"Os espelhos estão cheios de gente.
Os invisíveis nos vêem.
Os esquecidos se lembram de nós.
Quando nos vemos, os vemos.
Quando nos vamos, se vão?"
Eduardo Galeano: Espelhos

quarta-feira, 13 de março de 2013

A cidade na História: produto da terra e do tempo


Bruges, uma típica cidade medieval no norte da Europa

A cidade, como se encontra na história, é o ponto de concentração máxima do poder e da cultura de uma comunidade. É o lugar onde os raios difusos de muitas formas separadas de vida entram em foco, com ganhos tanto em efetividade social quanto em significância.
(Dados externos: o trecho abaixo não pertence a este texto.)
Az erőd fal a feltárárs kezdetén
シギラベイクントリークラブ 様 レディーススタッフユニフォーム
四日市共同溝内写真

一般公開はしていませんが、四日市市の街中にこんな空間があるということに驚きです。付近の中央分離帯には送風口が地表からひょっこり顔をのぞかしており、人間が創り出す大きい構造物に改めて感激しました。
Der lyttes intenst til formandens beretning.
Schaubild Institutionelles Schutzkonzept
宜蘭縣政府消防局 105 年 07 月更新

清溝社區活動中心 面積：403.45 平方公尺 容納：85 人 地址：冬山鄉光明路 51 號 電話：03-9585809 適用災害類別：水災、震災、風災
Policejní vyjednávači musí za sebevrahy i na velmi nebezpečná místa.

A cidade é a forma e o símbolo de uma relação social integrada: é o assento do templo, do mercado, o palácio da justiça, a academia do aprendizado. Aqui na cidade os bens da civilização são multiplicados e diversificados; aí é onde a experiência humana é transformada em signos viáveis, símbolos, padrões de conduta, sistemas de ordem. Aí é onde as questões da civilização são postas em foco: aí, também, o ritual ganha lugar no drama ativo de uma sociedade plenamente diferenciada e autoconsciente.

Cidades são produto da terra. Elas refletem a habilidade do camponês em dominar a terra: tecnicamente eles apenas se valem de sua habilidade de aproveitar o solo para usos produtivos, ao guardar seu gado para segurança, ao regular as águas que umedecem seus campos, ao providenciar depósitos e celeiros para suas colheitas. Cidades são emblemas daquela vida sedentária que começa com a agricultura permanente: uma vida conduzida com a ajuda de abrigos permanentes, utilidades permanentes como pomares, vinhedos, e para intercâmbio e para novas combinações não dadas nos trabalhos de irrigação, e construções permanentes para proteção e armazenamento.
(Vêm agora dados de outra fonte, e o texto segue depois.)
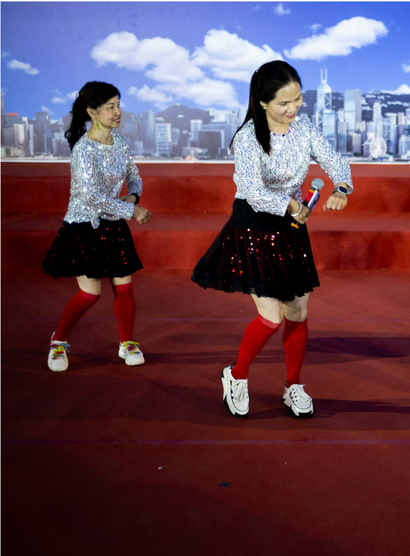
2024年4月15日，全民国家安全教育日嘉年华在维园举行，当中有舞蹈唱歌的演出。

Cada fase na vida na zona rural contribui para a existência das cidades. O que o pastor, o lenhador e o mineiro sabem se transforma e se "sublima" por meio da cidade em elementos duráveis na herança humana: os tecidos e a manteiga de um, os fossos e açudes de outro, os barris de madeira e tornos do outro, os metais e as joias de um outro são finalmente convertidos em instrumentos da vida urbana: fundamentando a existência econômica das cidades, contribuindo com arte e saber para sua rotina diária. Dentro da cidade a essência de cada tipo de solo, labor e objetivo econômico é concentrada: então surgem grandes possibilidades de intercâmbio e novas combinações não dadas no isolamento de seus habitats originais.
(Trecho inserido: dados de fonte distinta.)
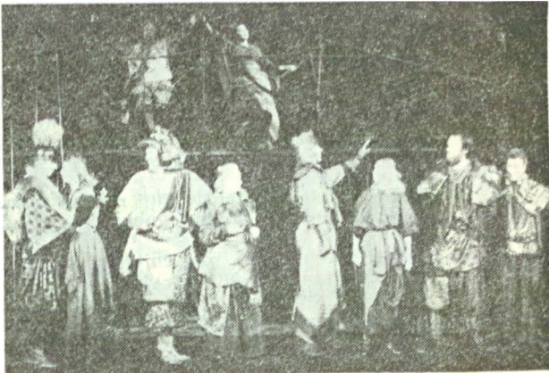
O piesă „serioasă” la Teatrul de Comedie
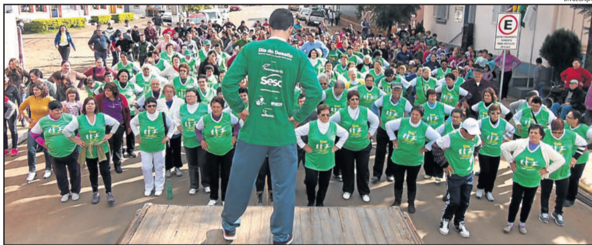
No ano passado, Paverama mobilizou 3.645 pessoas, totalizando 45% da população

Em Imigrante a atividade inicia às 8h30min em frente ao mercado Redefort, localizado no Centro da cidade. A proposta é a realização de uma atividade física e após uma caminhada pelas ruas do Centro. E administração convida todos a participar. O município competirá com a cidade colombiana de La Peña.
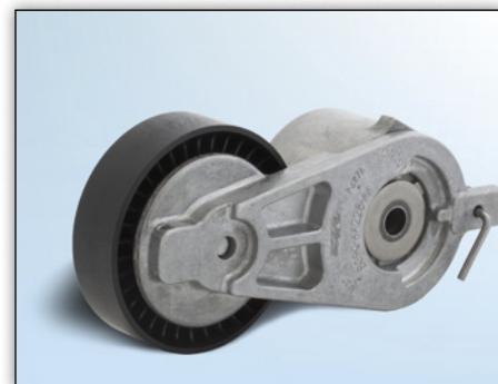
Fig. 2: Versie 2

In de genoemde voertuigen worden in de fabriek twee verschillende versies van de spanarm voor de aggregaataandrijving gemonteerd.
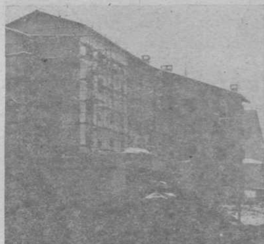
Vzgojnovarstveni zavod Medvode, stanovanjski bloki Preska, 90 mest
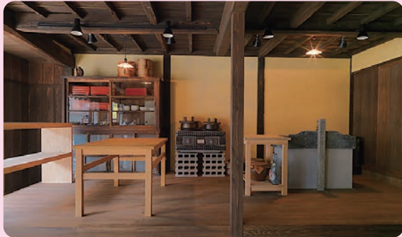
まんたくりよかん 万徳旅館 江戸時代末期～明治時代初期／建築

Cidades são produto do tempo. Elas são os moldes nos quais os tempos de vida dos homens são congelados e solidificados, dando forma definitiva, por meio da arte, a momentos que de outra forma desapareceriam com a vida e não deixariam formas de renovação ou maior participação atrás de si. Na cidade, o tempo torna-se visível: construções e monumentos e ruas públicas, mais abertas que o registro escrito, mais sujeitas ao olhar de muitos homens que os artefatos da zona rural, deixam uma marca sobre as mentes, tanto do ignorante quanto do indiferente. Por meio do fato material da preservação, o tempo desafia o tempo, o tempo se choca com o tempo: hábitos e valores sobrevivem ao grupo vivente, marcando em diferentes estratos do tempo o caráter de uma dada geração.

MUNFORD, Lewis. The culture of citiesNew York: Harcourt Brace, 1996. p. 3-4.